Entity Resolution
How Patient Memory deduplicates clinical entities across multiple sources using a 4-layer escalating pipeline.
What it is
A complex patient record typically has the same condition, medication, or allergy represented multiple times across different sources, with different codes, different display text, and sometimes contradictory details.
Entity resolution is the process of deciding: are these two records the same real-world thing?
The 4-Layer Pipeline
Patient Memory uses an escalating cascade that only moves to more expensive methods when cheaper ones can't decide.
| Layer | Method | Handles |
|---|---|---|
| 1 | Deterministic code matching | Entities sharing standard codes (SNOMED, RxNorm, ICD-10, LOINC) |
| 2 | NLP normalization + fuzzy matching | Same concept with different display text or minor variation |
| 3 | Embedding similarity | Semantically similar entities with no shared codes |
| 4 | LLM adjudication | Genuinely ambiguous cases requiring clinical judgment |
A pair of entities only escalates to the next layer when the current layer cannot confidently resolve it. Layer 4 fires for at most ~15 pairs per patient to ensure cost-effectiveness.

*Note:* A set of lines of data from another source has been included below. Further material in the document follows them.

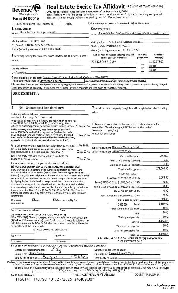 | 1 | 01/23/2025 | SWD | Statutory Warranty Deed | SHEILA LENTZ | LANCE M & HANNAH L CROFT | | | $279,000.00 | 143798 | |
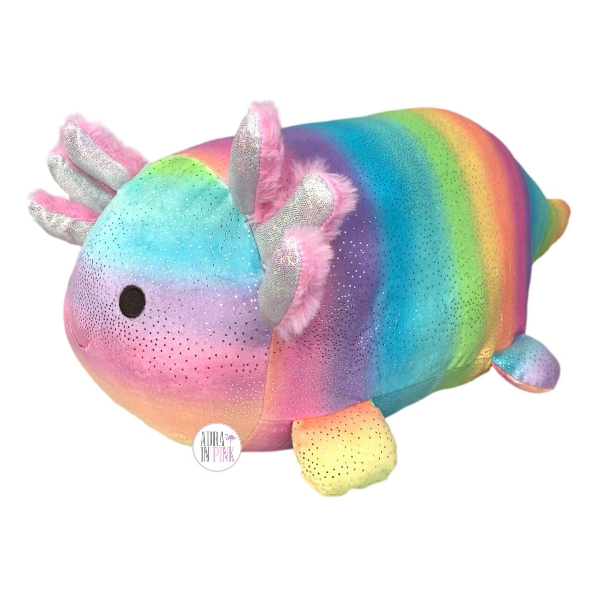 Linzy Toys Smoochy Pals Super Soft Plush Large Silver Speckled Pastel Rainbow Axolotl
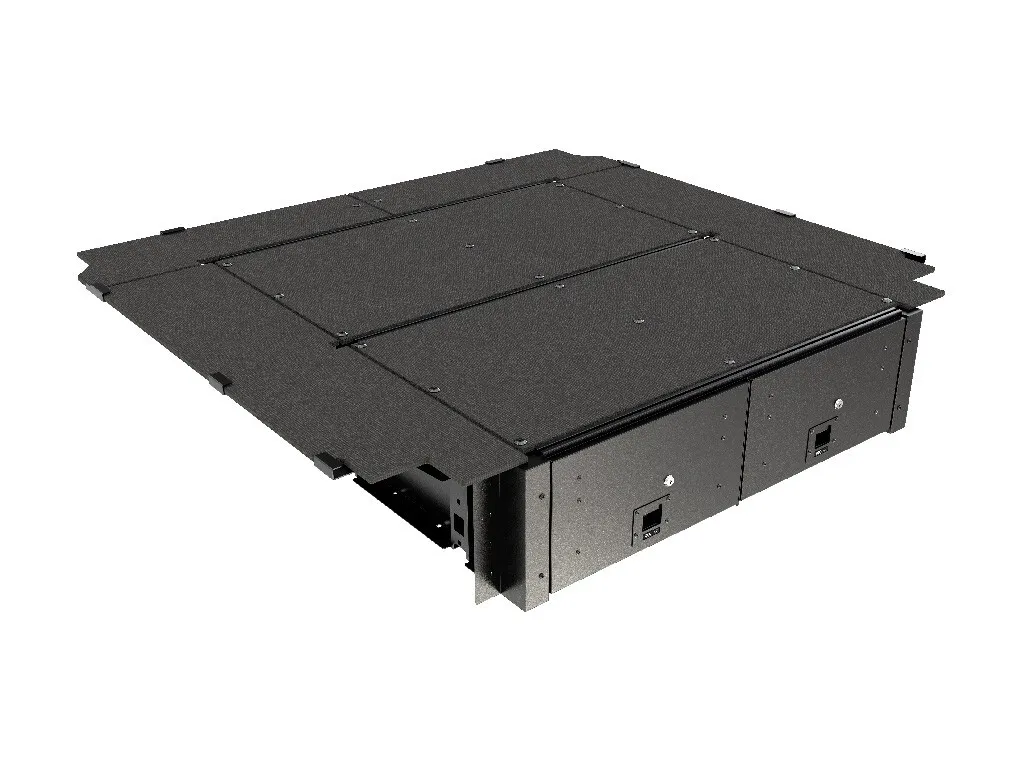 All Front Runner Storage Systems are backed by a 2 year warranty.*Please Note: Cub Packs and Flatpack Storage Boxes are not included when purchasing this Drawer System and are sold separately.Note: This Drawer Kit is not suitable for models with drop in plastic bed liner. The Deck Completion Set for this drawer kit requires modification when installed with an existing plastic load liner.
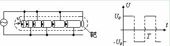 因此,人们就想利用较低的电压,采用多级加速使粒子加速到高能量,如图甲所示。N个长度逐个增大的金属圆筒和一个靶,它们沿轴线排列成一串,如图所示(图中只画出了六个圆筒,作为示意)。各筒和靶相间地连接到如图乙所示周期为T、电压值为U0的高频方波电源的两端。整个装置放在高真空容器中,圆筒的两底面中心开有小孔。带电粒子沿轴线射入圆筒,并将在圆筒间及圆筒与靶间的缝隙处受到电场力的作用而加速(设圆筒内部没有电场)。缝隙的宽度很小,粒子穿过缝隙的时间可以不计。
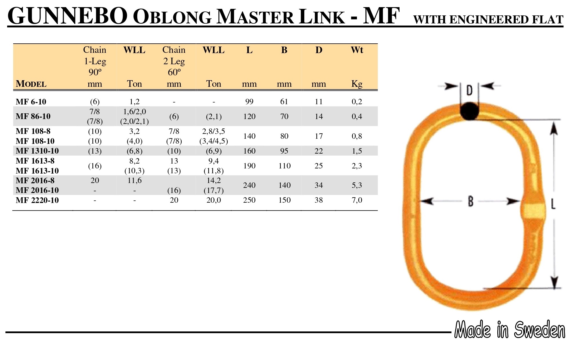 GUNNEBO Oblong Master Link - MF (with engineered flat)

In practice: ~40% of pairs resolve in Layer 1 for free. ~70% resolve before reaching LLM. The LLM sees only hard cases where clinical judgment is genuinely needed.
Provenance
Every merged entity carries a full audit trail (see Provenance and Auditability for the complete structure):
{
"sources": [
{ "type": "fhir", "origin": "FHIR Bundle", "reliability": 0.85, "ref": "Condition/abc" },
{
"type": "cda",
"origin": "Summary_20230907.xml",
"reliability": 0.8,
"ref": "observation/456"
}
],
"conflicts": [],
"resolvedBy": "deterministic-code",
"reasoning": "Both entities share SNOMED code 44054006.",
"confidence": 0.9
}When sources conflict (e.g., different medication doses), the conflict is recorded with both values and the resolution strategy used. Every merge decision is fully auditable.
Conflict Resolution
When sources disagree on an attribute value, the pipeline uses one of these strategies:
| Strategy | When used |
|---|---|
| Corroboration | Select the value agreed upon by the majority of sources |
| Recency | Prefer the most recent source |
| Reliability | Weight sources by their reliability score |
| LLM judgment | Complex conflicts where an LLM evaluates both values with full patient context |
Post-Processing
After entity deduplication, three passes run:
- Family history reclassification: conditions encoded as "hx of X" are moved to the family history subgraph
- Status inference: resolved and historical conditions are flagged based on textual cues
- Symptom linking: symptoms are linked to likely parent conditions via the clinical knowledge base
Auditing Resolution Decisions
The full resolution report (GET /patients/{patientId}/resolution) returns every entity in the graph with its complete provenance trace. Use this to debug unexpected merge or non-merge outcomes. See Audit Entity Resolution.
For a higher-level reconciliation summary (stats, inferred relationships, post-processing actions), use GET /patients/{patientId}/reconciliation. See Review the Reconciliation Summary.